If abortion backers actually want to help poor women, Carrara said, investments should be made to reduce the country’s structural poverty, something he argued the state is particularly equipped to do.

“If, instead of confronting these grave [threats] against the life to be born, we do nothing but add death, it is a somber prospect,” he argued.

As a people, Carrara said, Argentina must aim higher.

“Even when it doesn’t seem the most pragmatic way out, we Argentines can resolve our problems without taking the life of an innocent person before she or he is capable of self-defense,” he said. “We could make a difference. It’s not harmless to open the door to abortion. A policy of death will only provoke more death and sadness.”

Carrara was one of several dozen people who spoke about the bill in a commission currently debating the project in Argentina’s lower chamber. Lawyers, former supreme court justices, doctors and scientists also spoke against the bill.

Speaking in favor were other lawyers and doctors, actresses and journalists, including a woman from Catholics for Choice, who called for free and legal abortion because “Catholic women have abortions, too.”

Also in favor was activist Marta Rosenberg, who said that “there is a child when a woman decides so. Neither men nor churches can [decide when].”

On Monday, Cardinal Mario Poli, who took over from Francis as archbishop of Buenos Aires, led a Mass in honor of the unborn child that takes place every year on the feast of the Annunciation.

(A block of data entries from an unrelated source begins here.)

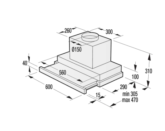 horní odtah: 150 mm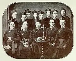 The North American College seminary was founded in 1859 by Pope Pius IX. He located the new seminary in a former Dominican and Visitation convent on the Via dell'Umiltà, near the Trevi Fountain.[3][4]The NAC was opened ceremonially on 8 December 1859, and received a formal visit from the pope on 29 January 1860.[5] This original campus, still owned by the NAC, is called the Casa Santa Maria. The NAC was granted status as a pontifical university by Pope Leo XIII in 1884.[6]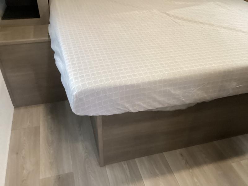 Moves the queen bed into its own cozy space, creating separation and extra lounge area without expanding your towing footprint. -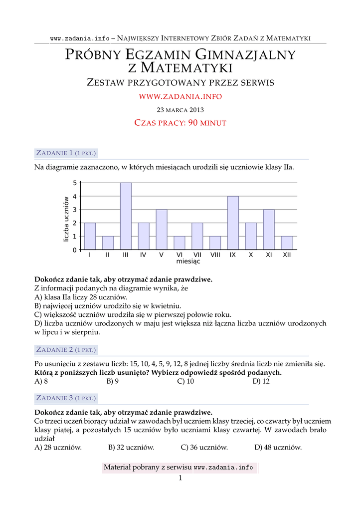 www.zadania.info – N AJWI EKSZY ˛ I NTERNETOWY Z BIÓR Z ADA Ń Z M ATEMATYKI P RÓBNY E GZAMIN G IMNAZJALNY Z M ATEMATYKI Z ESTAW PRZYGOTOWANY PRZEZ SERWIS WWW. ZADANIA . INFO 23 MARCA 2013 C ZAS PRACY: 90 MINUT Z ADANIE 1 (1 PKT.) Na diagramie zaznaczono, w których miesiacach ˛ urodzili si˛e uczniowie klasy IIa. liczba uczniów 5 4 3 2 1 0 I II III IV V VI VII miesiąc VIII IX X XI XII Dokończ zdanie tak, aby otrzymać zdanie prawdziwe. Z informacji podanych na diagramie wynika, że A) klasa IIa liczy 28 uczniów. B) najwi˛ecej uczniów urodziło si˛e w kwietniu. C) wi˛ekszość uczniów urodziła si˛e w pierwszej połowie roku. D) liczba uczniów urodzonych w maju jest wi˛eksza niż łaczna ˛ liczba uczniów urodzonych w lipcu i w sierpniu. Z ADANIE 2 (1 PKT.) Po usuni˛eciu z zestawu liczb: 15, 10, 4, 5, 9, 12, 8 jednej liczby średnia liczb nie zmieniła si˛e. Która˛ z poniższych liczb usuni˛eto? Wybierz odpowiedź spośród podanych. A) 8 B) 9 C) 10 D) 12 Z ADANIE 3 (1 PKT.) Dokończ zdanie tak, aby otrzymać zdanie prawdziwe. Co trzeci uczeń bioracy ˛ udział w zawodach był uczniem klasy trzeciej, co czwarty był uczniem klasy piatej, ˛ a pozostałych 15 uczniów było uczniami klasy czwartej. W zawodach brało udział A) 28 uczniów. B) 32 uczniów. C) 36 uczniów. D) 48 uczniów. Materiał pobrany z serwisu www.zadania.info 1 www.zadania.info – N AJWI EKSZY ˛ I NTERNETOWY Z BIÓR Z ADA Ń Z M ATEMATYKI Informacja do zadań 4 i 5 W sobot˛e Patrycja wyruszyła z Ptasiej Doliny na górski spacer, w trakcie którego odwiedziła kolejno dwa pobliskie szczyty: Kacza˛ Gór˛e i Łab˛ ˛ edzia˛ Gór˛e. Na schematycznej mapce przedstawiono drog˛e jaka˛ pokonała Patrycja, a na wykresie – jak zmieniała si˛e w trakcie spaceru jej wzgl˛edna wysokość (w metrach) mierzona od poziomu Ptasiej Doliny. 200 :0 0 12 :0 0 13 :0 0 14 :0 0 15 :0 0 16 :0 0 17 :0 0 :0 0 godzina 11 8: 00 100 00 Łabędzia Góra 300 10 Ptasia Dolina 400 9: Kacza Góra wysokość od poziomu Ptasiej Doliny (w metrach) 500 Z ADANIE 4 (1 PKT.) Jaka jest różnica wysokości mi˛edzy Łab˛edzia˛ Góra,˛ a Kacza˛ Góra? ˛ Wybierz odpowiedź spośród podanych. A) 50 m B) 100 m C) 150 m D) 400 m Z ADANIE 5 (2 PKT.) Oceń prawdziwość podanych zdań. Wybierz P, jeśli zdanie jest prawdziwe, lub F – jeśli jest fałszywe. Na każdym ze szczytów Patrycja zrobiła godzinna˛ przerw˛e. Od momentu zejścia z Kaczej Góry do momentu wejścia na Łab˛ ˛ edzia˛ Gór˛e upłyn˛eły 4 godziny. Patrycja wróciła do punktu wyjścia po 9 godzinach. W ciagu ˛ przedostatniej godziny spaceru Patrycja zeszła w dół o 100 metrów. P F P F P P F F Z ADANIE 6 (1 PKT.) W pudełku znajduje si˛e 18 losów, wśród których sa˛ 2 losy wygrywajace. ˛ Oceń prawdziwość podanych zdań. Wybierz P, jeśli zdanie jest prawdziwe, lub F – jeśli jest fałszywe. Prawdopodobieństwo wyciagni˛ ˛ ecia losu przegrywajacego ˛ jest dziewi˛eciokrotnie wi˛eksze, niż wyciagni˛ ˛ ecia losu wygrywajacego. ˛ Jeżeli do pudełka włożymy dwa losy wygrywajace ˛ to prawdopodobieństwo wygranej wzrośnie o 100%. Materiał pobrany z serwisu www.zadania.info 2 P F P F www.zadania.info – N AJWI EKSZY ˛ I NTERNETOWY Z BIÓR Z ADA Ń Z M ATEMATYKI Z ADANIE 7 (1 PKT.) Dokończ zdanie tak, aby otrzymać zdanie prawdziwe. Cena ksia˛żki po podwyżce o 20% wynosi 84 zł. Cena tej ksia˛żki przed podwyżka˛ była równa A) 70 zł. B) 56 zł. C) 67,20 zł. D) 82,35 zł. Z ADANIE 8 (1 PKT.) Samolot pasażerski spala średnio 10 ton paliwa w ciagu ˛ godziny lotu. Oceń prawdziwość podanych zdań. Wybierz P, jeśli zdanie jest prawdziwe, lub F – jeśli jest fałszywe. W ciagu ˛ minuty lotu samolot spala ponad 200 kg paliwa. Spalenie przez samolot 1800 kg paliwa trwa krócej niż 12 minut. P P F F Z ADANIE 9 (1 PKT.) Korzystajac ˛ z tego, że (97)3 = 912673, wskaż wartość liczby Zaznacz dobra˛ odpowiedź. A) 0,0097 B) 0,097 C) 0,97 √ 3 0, 912673. D) 9,7 Z ADANIE 10 (1 PKT.) Do okr˛egu o środku O należa˛ punkty A i B. Okrag ˛ ma promień 48, a łuk AB ma długość 40π. A O B Jaka˛ miar˛e ma kat ˛ środkowy oparty na tym łuku? Wybierz odpowiedź spośród podanych. A) 72◦ B) 120◦ C) 150◦ D) 240◦ Informacja do zadań 11 – 13 Marcel narysował prostokat ˛ położony w układzie współrz˛ednych tak jak na pierwszym rysunku. Kolejne przystajace ˛ do niego prostokaty ˛ rysował w taki sposób, że kolejny rysowany prostokat ˛ był obrócony o 90◦ oraz lewy dolny wierzchołek tego prostokata ˛ był prawym górnym wierzchołkiem poprzedniego prostokata ˛ (rysunek 2.). Materiał pobrany z serwisu www.zadania.info 3 www.zadania.info – N AJWI EKSZY ˛ I NTERNETOWY Z BIÓR Z ADA Ń Z M ATEMATYKI y y 1 1 x 1 x 1 Rysunek 1. Rysunek 2. Z ADANIE 11 (1 PKT.) Dokończ zdanie tak, aby otrzymać zdanie prawdziwe. Marcel narysował w ten sposób pi˛eć prostokatów. ˛ Współrz˛edna x prawego górnego wierzchołka piatego ˛ prostokata ˛ jest równa A) 11 B) 10 C) 9 D) 8 Z ADANIE 12 (1 PKT.) Oceń prawdziwość podanych zdań. Wybierz P, jeśli zdanie jest prawdziwe, lub F – jeśli jest fałszywe. Jeżeli punkt ( x, y) jest prawym górnym wierzchołkiem 20 prostokata ˛ to x=y x = 80 P P F F Z ADANIE 13 (1 PKT.) Dokończ zdanie tak, aby otrzymać zdanie prawdziwe. Współrz˛edne prawego górnego wierzchołka 39 prostokata ˛ sa˛ równe ( a, b). Współrz˛edne prawego górnego wierzchołka kolejnego prostokata ˛ sa˛ równe A) ( a + 3, b + 1) B) ( a + 1, b + 3) C) ( a + 4, b + 2) D) ( a + 2, b + 4) Z ADANIE 14 (1 PKT.) Dany jest trapez prostokatny ˛ ABCD, w którym trójkat ˛ ABC jest trójkatem ˛ równobocznym o boku długości 6 cm. D C B A Oceń prawdziwość podanych zdań. Wybierz P, jeśli zdanie jest prawdziwe, lub F – jeśli jest fałszywe. |CD | = 4 cm √ | AD | = 3 3 cm P P F F Materiał pobrany z serwisu www.zadania.info 4 www.zadania.info – N AJWI EKSZY ˛ I NT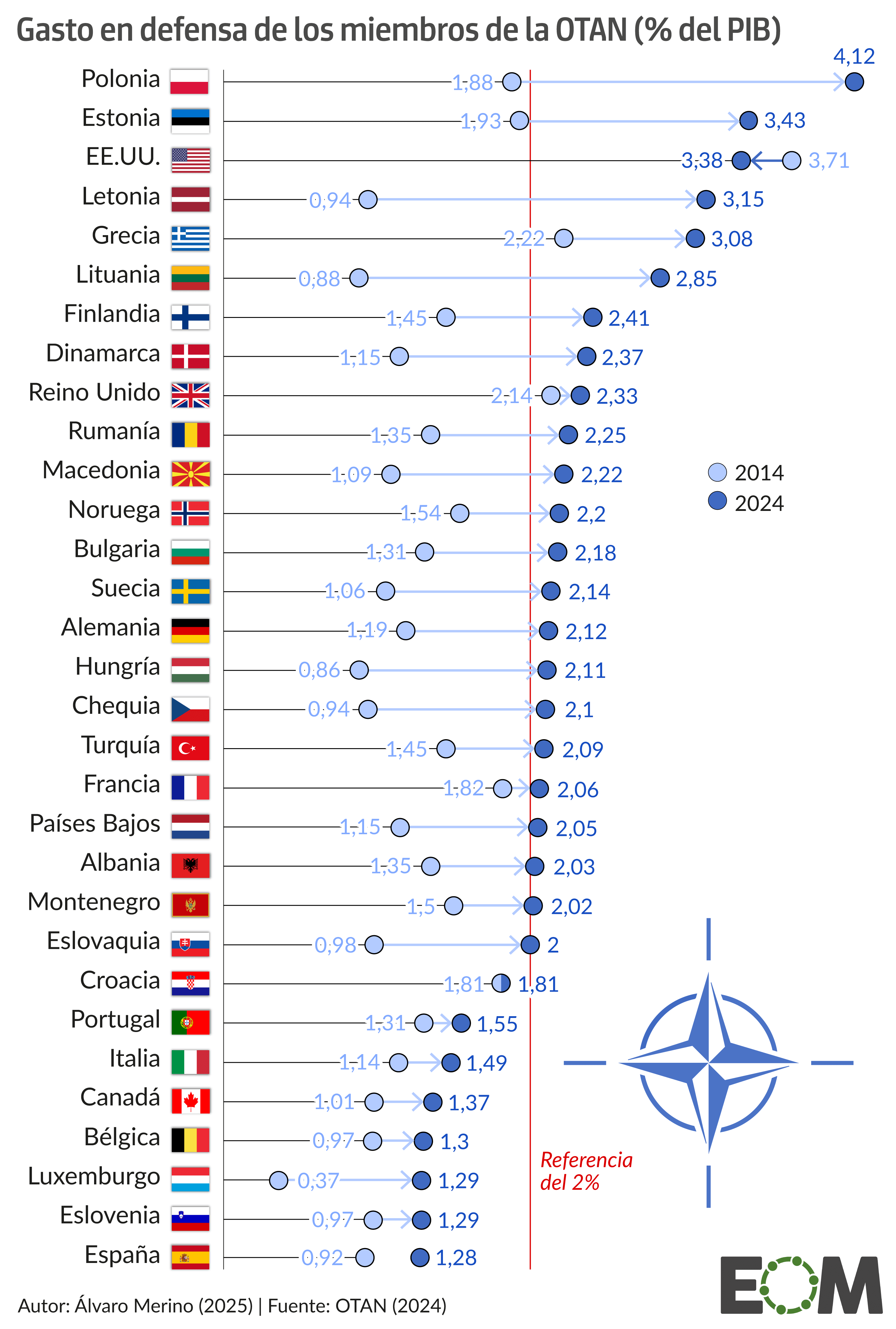 Los jefes de Estado y de Gobierno de la OTAN ya acordaron en 2014 superar de forma conjunta el suelo del 2% para 2024. Rusia acababa de anexionarse la península de Crimea y la alianza entendió que necesitaba tomarse más en serio sus propios objetivos. El gasto en defensa de la OTAN aumentó tímidamente en los siguientes años, pero ha sido necesario el estallido de una guerra a las puertas de Europa para que los miembros de la organización se decidan por fin a destinar más recursos a defensa. Alemania, por ejemplo, rompió con décadas de infrafinanciación y en 2024 sobrepasó el límite del 2% por primera vez desde 1992.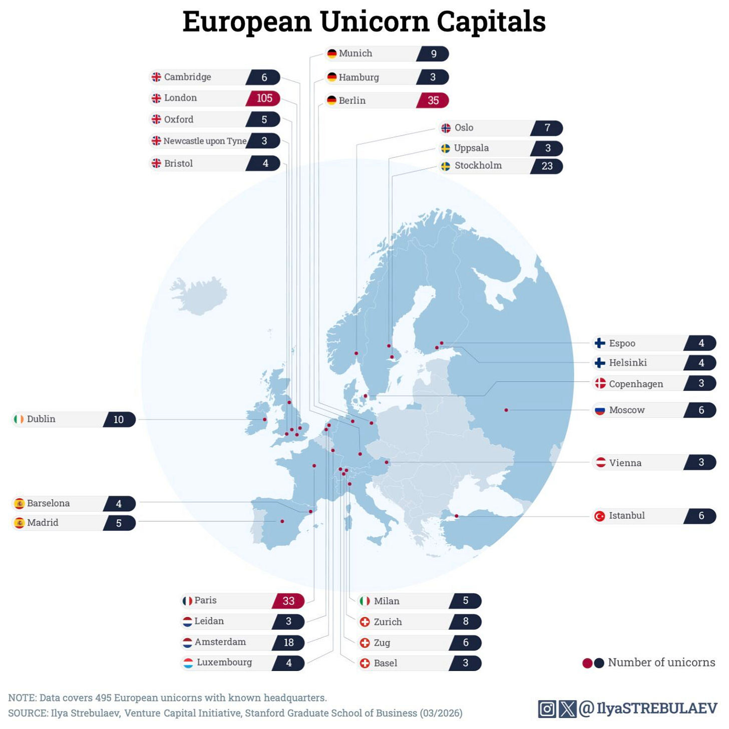 Tampoco hay suficiente con mirar el sur de Europa como un área geográfica de influencia. El esquema de Ilya Strebulaev sobre los Unicornios europeos es bastante claro: “por debajo de Milán” sólo nos queda Estambul, demasiado lejos en muchos aspectos.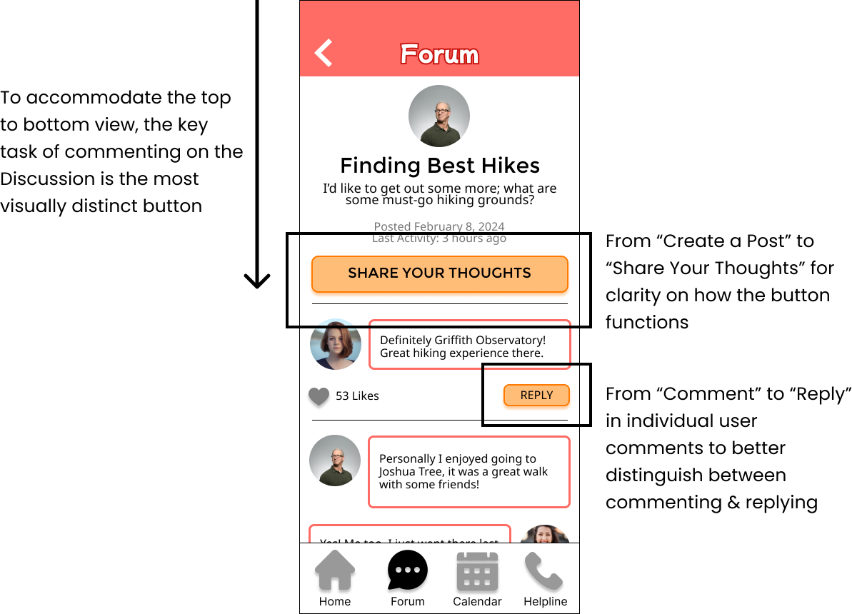 I focused on improving the visual hierarchy of the Discussion page content according to our participants’ top-bottom view, distinguishing the key tasks of commenting and replying.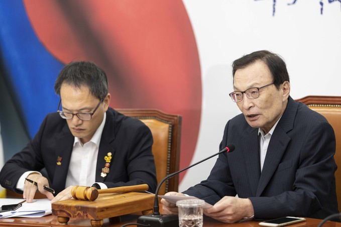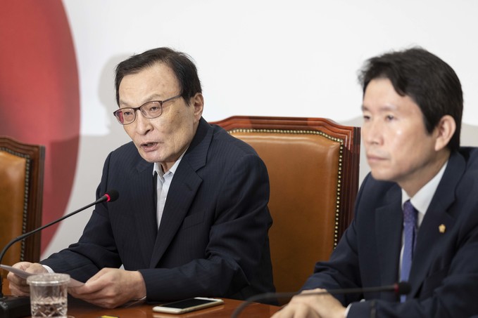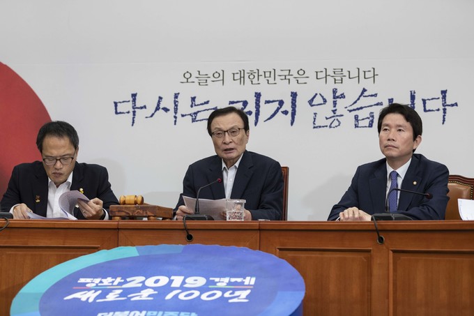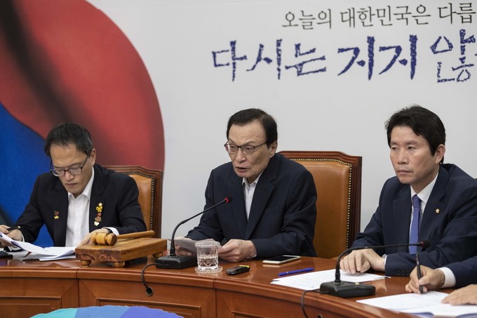 더불어민주당 이해찬 대표(가운데)가 23일 오전 서울 여의도 국회에서 열린 민주당 최고위원회의에 참석해 발언하고 있다.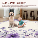 Ultra Soft Area Rug, Non Slip, Stain Resistant, Washable Area Rugs for Living Room, Bedroom, Artful Watercolor Petal Motif(Purple) Overview: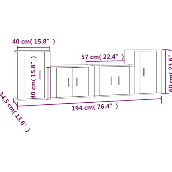 - 2 x TV-skåp: 57 x 34,5 x 40 cm (L x B x H)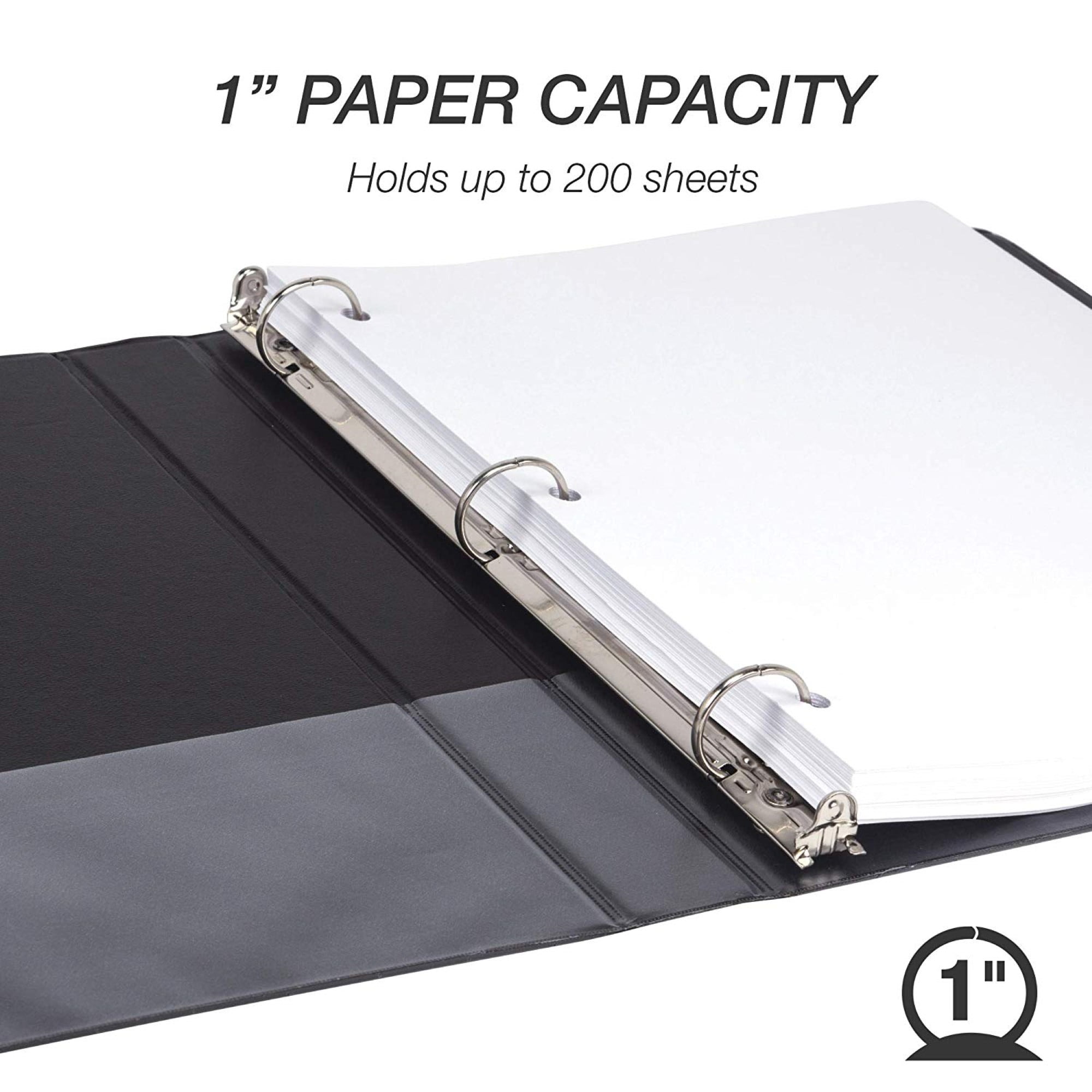 - More Value Adding Features – 1" round rings mounted on back lid hold up to 225 sheets, allows pages to lay flat, reduce wear on punched pages and provide a clean looking spine.

Usually celebrated on March 25, nine months before the birth of Jesus on Christmas, this year the celebration was transferred to April 9 because it fell on a Palm Sunday.

Contemplating the Annunciation, Poli said in a Buenos Aires cathedral, “we confess that life is the most beautiful and real gift we humans have,” and also that it’s sacred, because God considered it “worthy of His divinity.”

Quoting Francis’s 2014 apostolic exhortation Evangelii Gaudium, Poli said that it’s a matter of “internal consistency of our message about the value of the human person … the Church cannot be expected to change her position on this question.”

“This is not something subject to alleged reforms or ‘modernizations’,” Poli said, still quoting his predecessor. “It is not ‘progressive’ to try to resolve problems by eliminating a human life. On the other hand, it is also true that we have done little to adequately accompany women in very difficult situations, where abortion appears as a quick solution to their profound anguish, especially when the life developing within them is the result of rape or a situation of extreme poverty.”

When he was still Jorge Mario Bergoglio, archbishop of Buenos Aires, Pope Francis supported the initiative known as A Rosary for Life, that includes a Mass in the cathedral and Eucharistic adoration.